The Ministry of Justice issued the Fa-Lu-10603500120 Circular of January 9, 2017 (hereinafter, the “Circular”) to communicate that except as otherwise stipulated by law, the original names of foster children shall be reverted to their original registered names at the time of birth when the foster relationship is terminated.
According to the Circular, Article 1059 of the Civil Code provides that since a child can only assume the surname of his/her father or mother out of the consideration that identity law is characterized by public interest, the Family Law of the Civil Code contains compulsory provisions concerning the marital and family systems. This is different from the principle of private law autonomy under property law, which basically gives legal effects to decisions made by the parties of their own accord.
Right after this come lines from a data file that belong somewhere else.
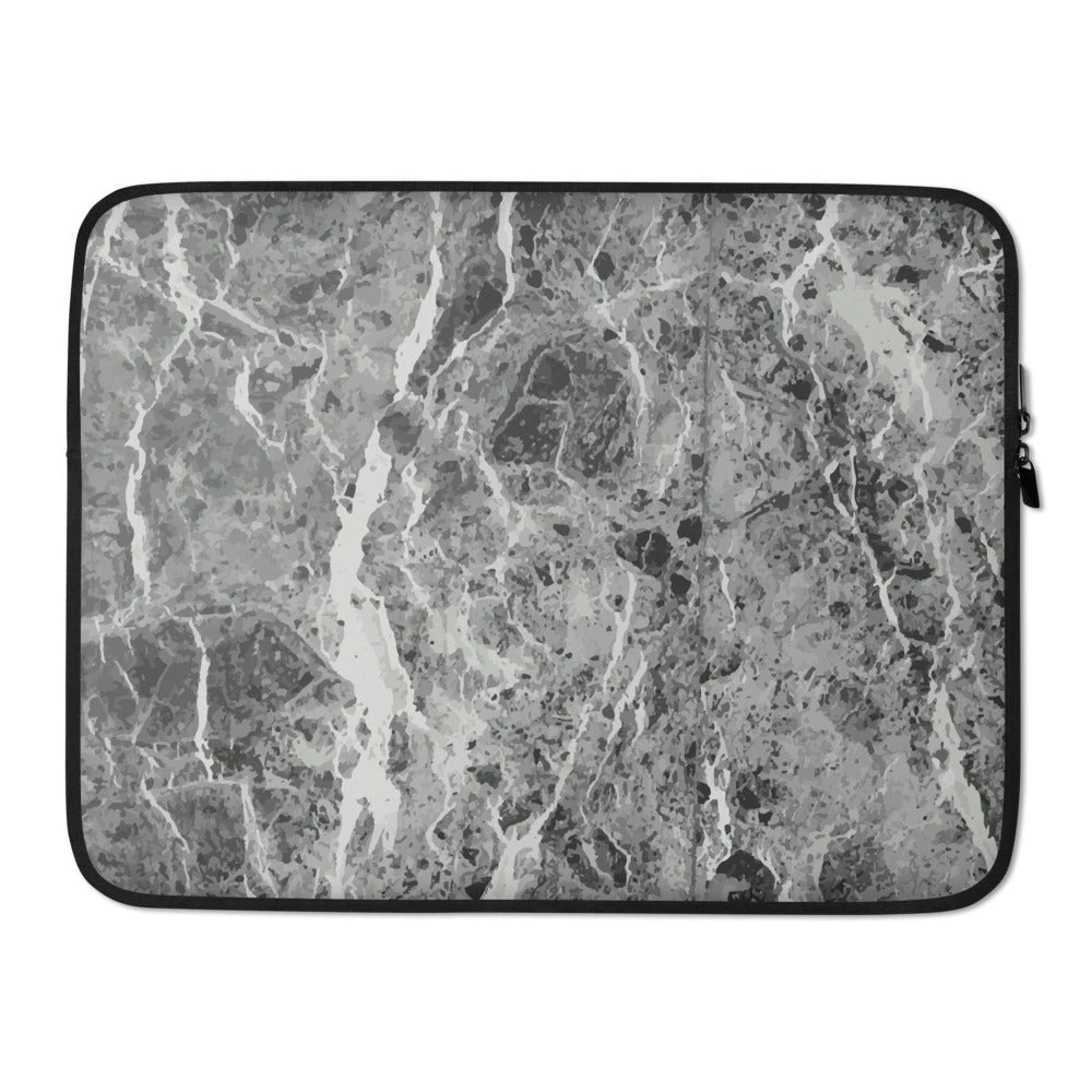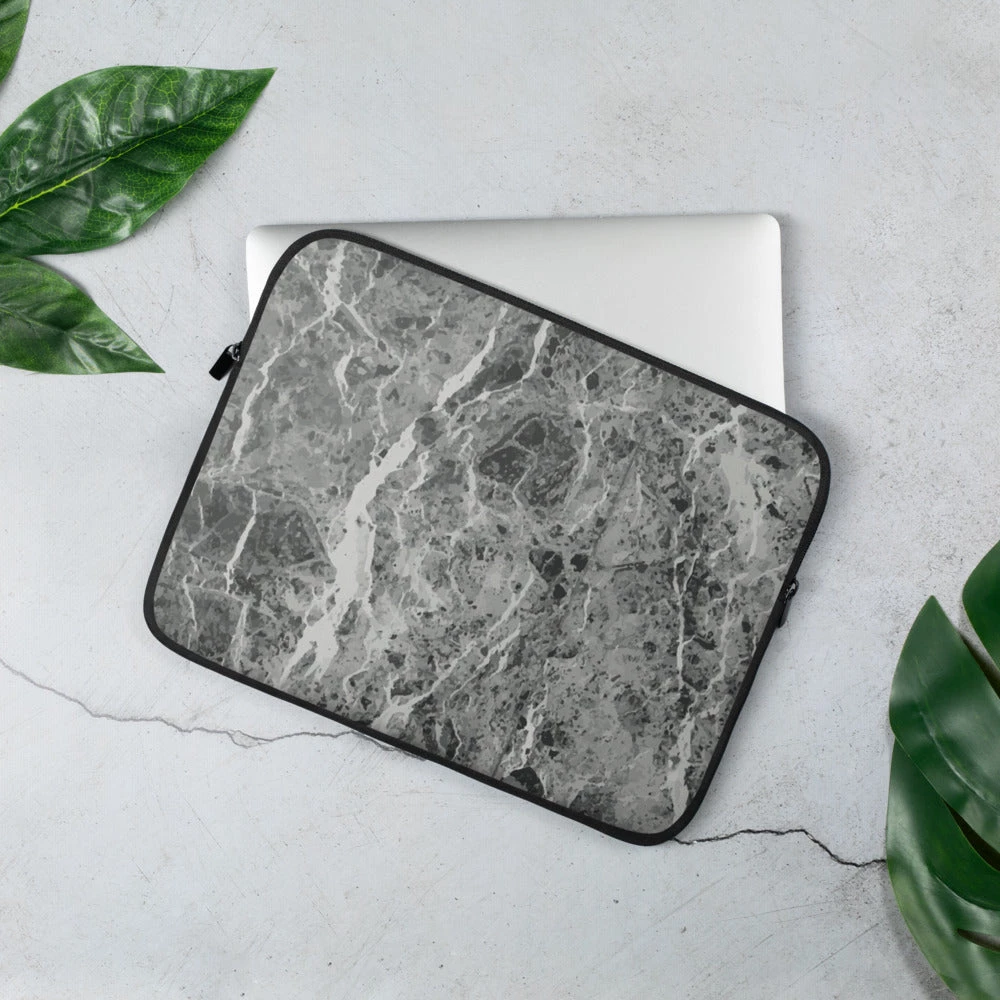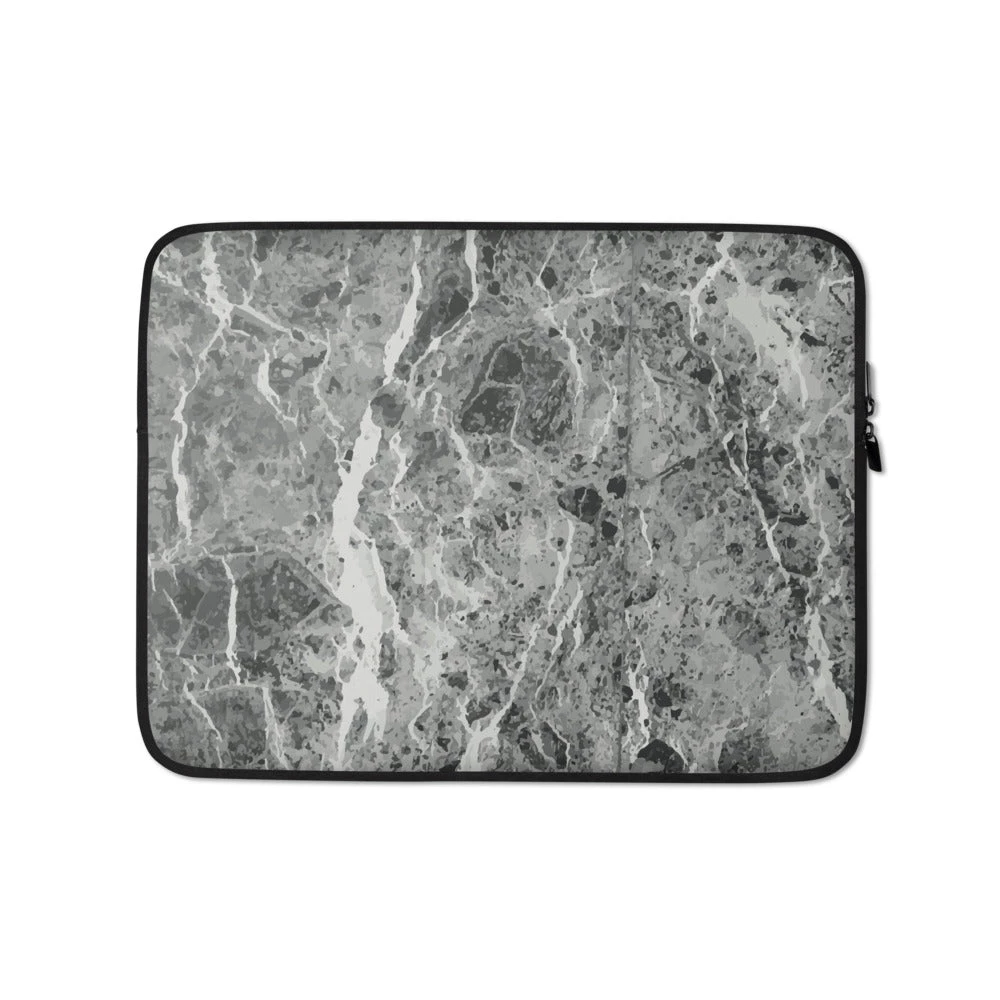 Personalize this contemporary designed dark grey marble laptop sleeve with your initials, name, business name or text.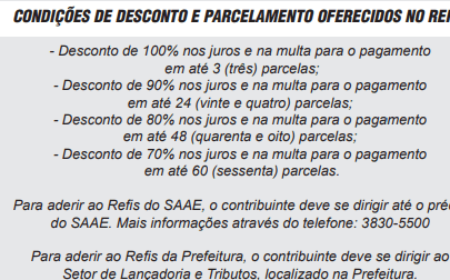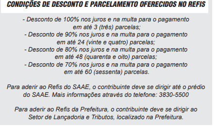Para aderir ao Refis do SAAE, o contribuinte deve se dirigir até o prédio do SSAE. Mais informações através do telefone: 3830-5500.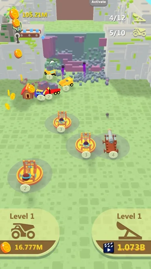 Smash walls, mine resources, sell them at the base and upgrade your catapults to get even more resources!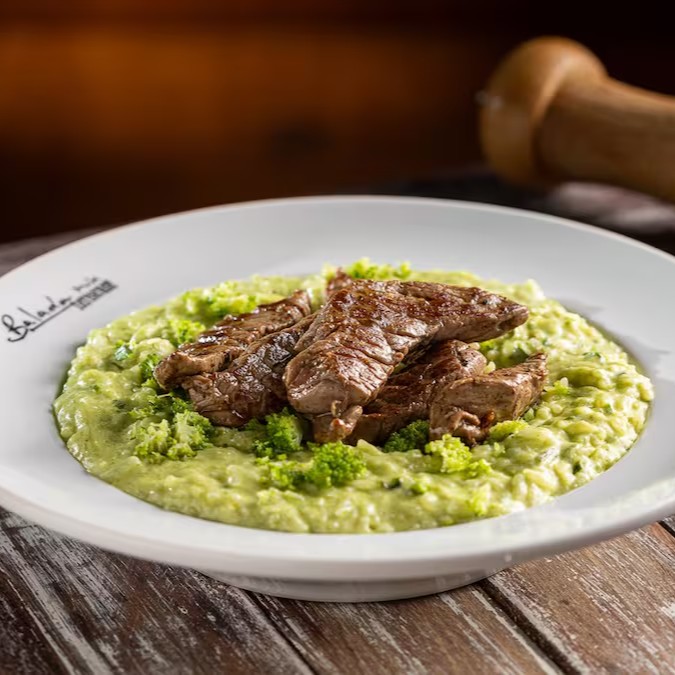 Baby Beef super macio servido c/ Risotinho de Brócolis e Grana Padano.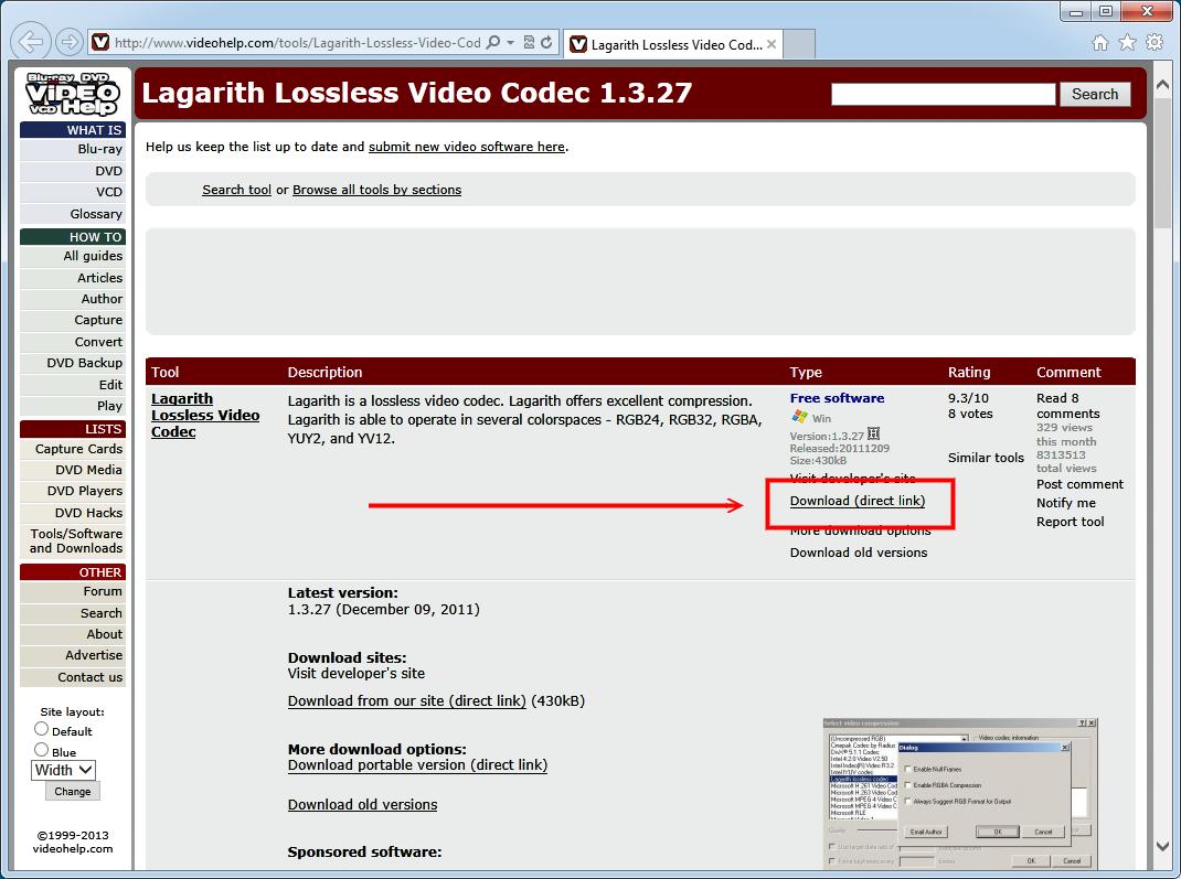 Just went to the Lagarith link you gave .... across top of page is a big green 'Download' button .... it does not say what it is for ... but when you download it is not Lagarith, it is 'Ultimate codec pack'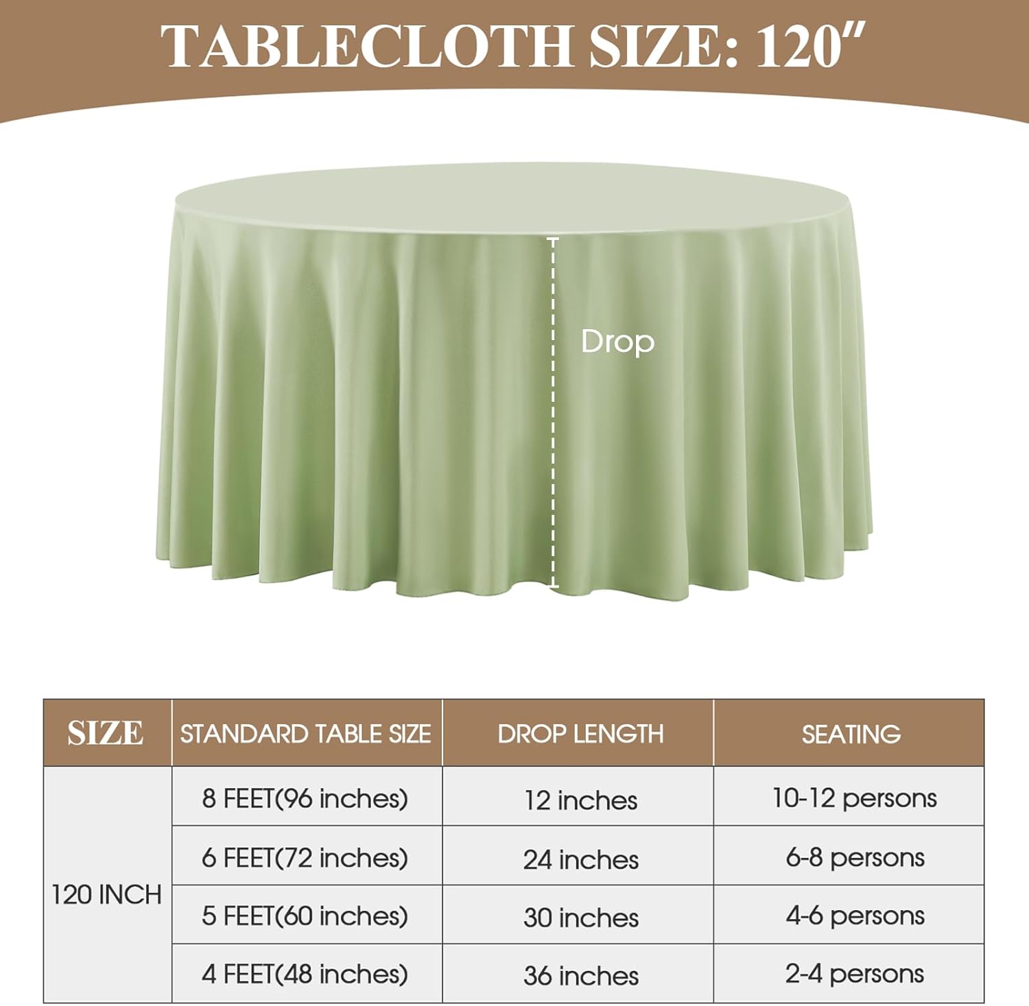 - Suitable Size: This polyester round tablecloth has multiple sizes to choose from, 90, 108, 120, 132 inches, which can meet the needs of tables of different sizes. In order to buy a tablecloth that is more suitable for your table, please measure the actual size of your table before purchasing and refer to our size chart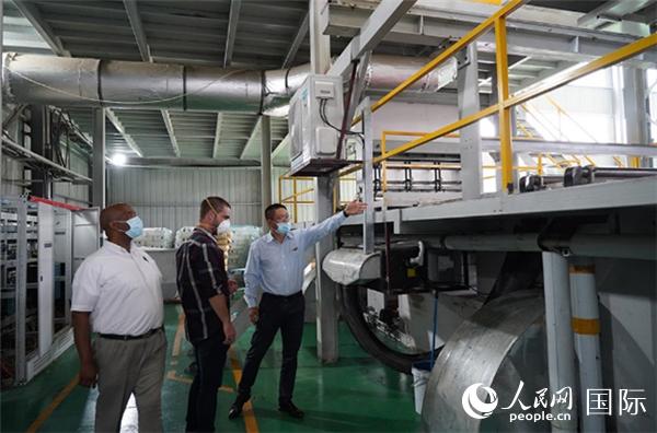 孙晓栋董事长带领本地企业代表参观工厂,介绍设备。(人民网 刘畅 摄)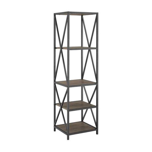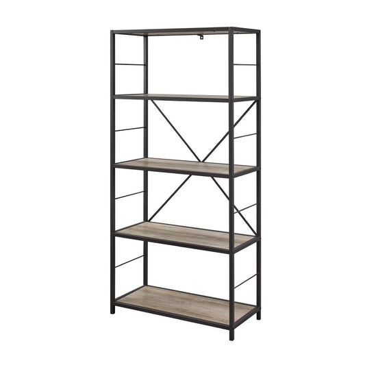 Modern Industrial Metal and Wood Bookshelf - Gray Wash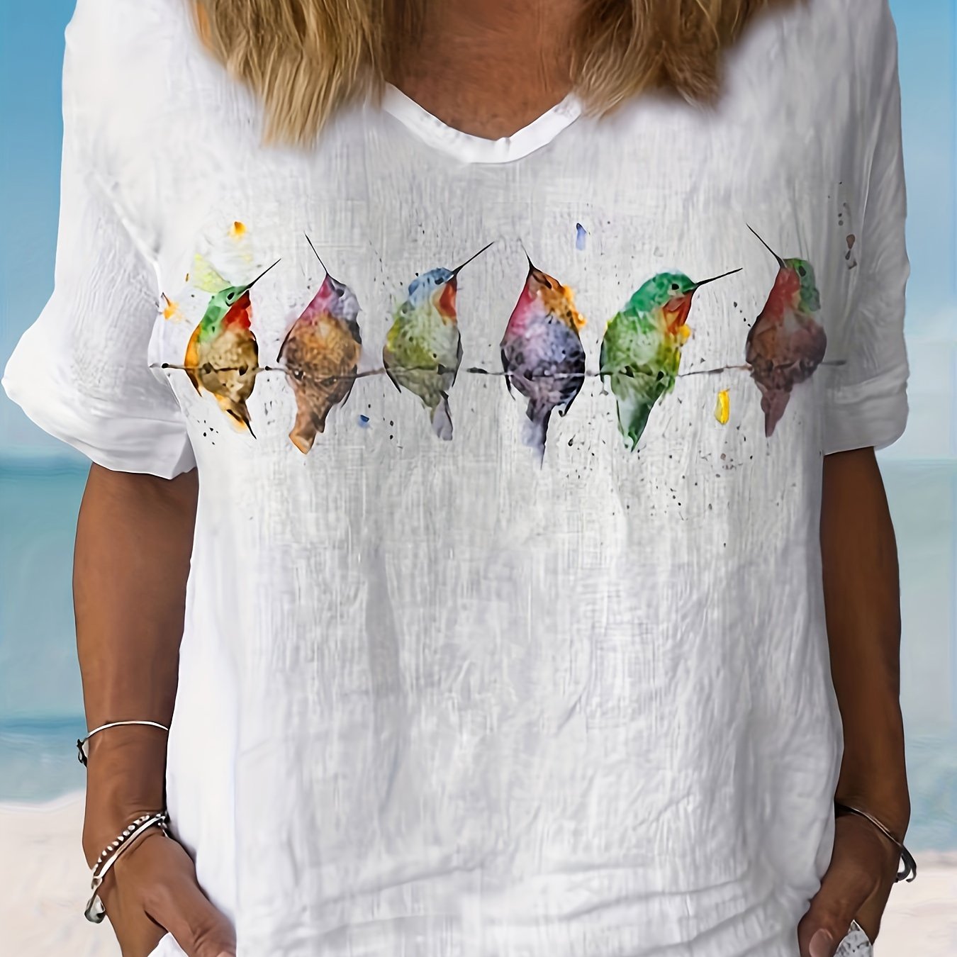 Birds Print V Neck T-shirt, Elegant Short Sleeve Top For Spring & Summer, Women's Clothing

If the principle that “the surname of a child should not be any surname other than those of his/her parents (including the surnames of grandparents other than those of his/her parents)” is permitted to be disrupted according to the individual needs of the parties, the legal regime may become chaotic.
It was further pointed out in this Circular that the last part of Article 1 of the Law for the Implementation of the Family Law of the Civil Code and Article 1083 of the Civil Code both specifically stipulate that the surname of a foster child shall be reverted to his/her original surname upon termination of the foster relationship. Therefore, when the foster relationship for a foster child is completely terminated, his/her original surname should be restored. Unless otherwise stipulated by law, the determination shall be made pursuant to the Civil Code effective at the time of birth.